Category: Batfamily - Fandom, Batgirl (Comics), Batman (Comics), Robin (Comics), batfam - Fandom
Genre: Gen, The Daughter - Freeform
Language: English
Status: Completed
Published: 2019-06-10
Updated: 2019-06-10
Packaged: 2020-04-23 20:16:24
Rating: General Audiences
Warnings: No Archive Warnings Apply
Chapters: 1
Words: 648
Publisher: archiveofourown.org
Story URL: https://archiveofourown.org/works/19158211
Author URL: https://archiveofourown.org/users/CrimeAlley1048/pseuds/CrimeAlley1048
Summary: "I have a baby. Did you know that? She's not mine anymore, but--""Don't worry, Stephanie. She'll never want for anything. I promise."-Stephanie Brown and Bruce Wayne, Batman #633





	Birthday

Stephanie remembered all of it: the birthing classes and the ultrasounds and the night in the hospital— especially the night in the hospital, especially today. Today was important.

  
It was her birthday today. Not Stephanie’s. Someone _more_ important.

  
Stephanie reached the Batcave as the sun went down. Bruce sat in his computer chair reading from the massive screen in front of him, but he turned around when she came through the door. He set a stack of files aside.

  
“Stephanie,” he said.

  
“Hey.” She walked over to meet him. “I was… wondering.”

  
“Yes?”

  
“My… my daughter. You promised me that you would take care of her.”

  
“I did.”

  
“Do you know— I mean, do you have—” Stephanie stopped to collect herself, then forced out the words as calmly as she could.

  
“How is she?”

  
Bruce stared at her for a few moments. He pulled back his cowl and regarded her with sympathetic eyes.

  
“Are you sure you want to have this conversation?” he asked gently.

  
“Yes. Yes, I’m sure.”

  
“You want to see her.”

  
“I… yes.”

  
“Okay.” Bruce turned back to his computer, clicked on a file, and typed in a twenty-digit number. The screen lit up with a row of photographs. Bruce moved aside to give Stephanie the mouse.

  
“These are from this year,” he told her.

  
She selected the first photograph with shaking hands. It expanded to fill the screen, and Stephanie saw a swimming pool in bright sunlight. A little girl with yellow floaties and a pink sunhat stood on a set of steps in the shallows, splashing droplets upward around her.

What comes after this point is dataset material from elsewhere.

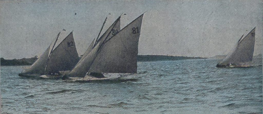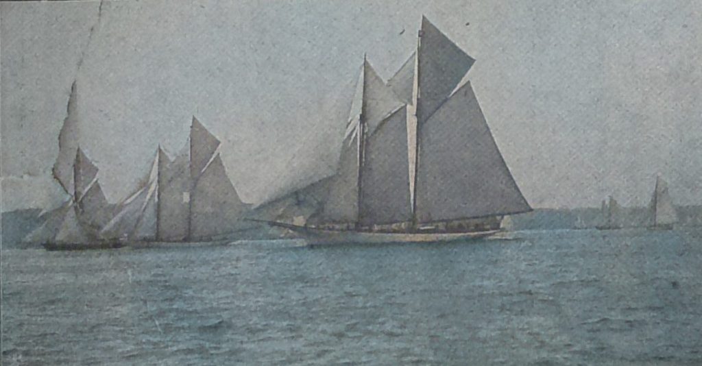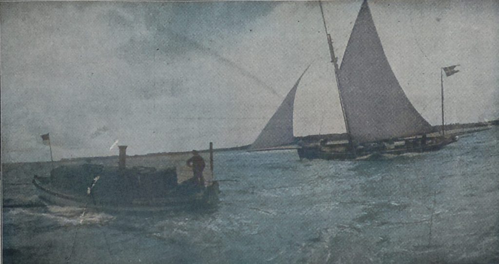 Auf den blauen Fluten der von grünen Buchenhügeln umrahmten Kieler Föhrde herrschte in der vergangenen Woche reges Leben. Von allen Seiten, von England, aus dem deutschen Binnenland waren die schmucken Jachten gekommen und durchfurchten nun mit ihren weißen Segeln wie Schwäne die Bucht, um sich auf ein gegebenes Zeichen in windesschneller Wettfahrt zu messen Galt es doch, wertvolle Preise zu erringen, denn der Kaiser, selbst ein eifriger Liebhaber des Jachtsports, hat in liberalster Weise die einzelnen Rennen mit wertvollen Ehrenpreisen ausgestattet.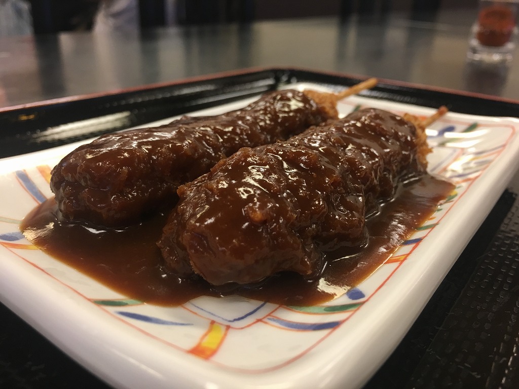 腹ごしらえに、味噌串かつ!

She had long legs and tiny freckles across her nose.

  
Stephanie scrolled forward: the same girl with blonde pigtails and cowboy boots on a front porch somewhere, the girl and a Labrador puppy tangled together on a grassy background, both asleep. The girl with windswept hair and a kite string, laughing as the kite flew above her.

  
“Are you okay?” Bruce asked.

  
Stephanie nodded and went forward again: the next photo showed the girl kneeling on a sidewalk scrawled with pictures and letters in brightly colored chalk; her hands and cheeks were smeared in those same colors— blue and purple and green. Two pictures left.

  
The first was the girl in a martial arts uniform with a tiny white belt. She held an orange water bottle bigger than her own head and grinned at the camera. The second was the girl in a black and purple pajama onesie, complete with a cape and a yellow bat logo on the chest.

  
“Christmas morning,” said Bruce, “with her favorite present.”

  
“Oh,” Stephanie stepped away from the screen. “Oh, I—” She felt herself start to cry. “I think I—”

  
“I shouldn’t have showed you.”

  
“No!” Stephanie exclaimed. “No, this is— this is good! I needed to see.”

  
“Her parents send the pictures for you,” Bruce said quietly. “They don’t know who you are, but they send them for you. Her birth mother.”

  
Stephanie swiped the tears away from her eyes— not happy tears exactly, but not sad either. Something deep in Stephanie’s chest released itself, and she leaned against Bruce’s chair for support as she sobbed in relief.

  
They were okay, Stephanie and the little girl both. Everything was going to be okay.

  
“I want the pictures,” she told Bruce. “Whenever they come.”

  
“Of course.”

  
“And I want… I want to thank you.”

  
“There’s nothing to thank me for.”

  
“There is.” Stephanie bent downwards and kissed him on the cheek. “So thank you. And thank them for me too. For the pictures and… and everything else.”

  
“I will.”

  
“I need to go now.” Stephanie smiled and wiped away the tears still falling down her face. “I need to— I need to go.”

  
“Whatever you need…” Bruce offered.

  
“I know.”

  
Stephanie turned and walked out into the dusk, lighter than she had felt in a long time.

 


End file.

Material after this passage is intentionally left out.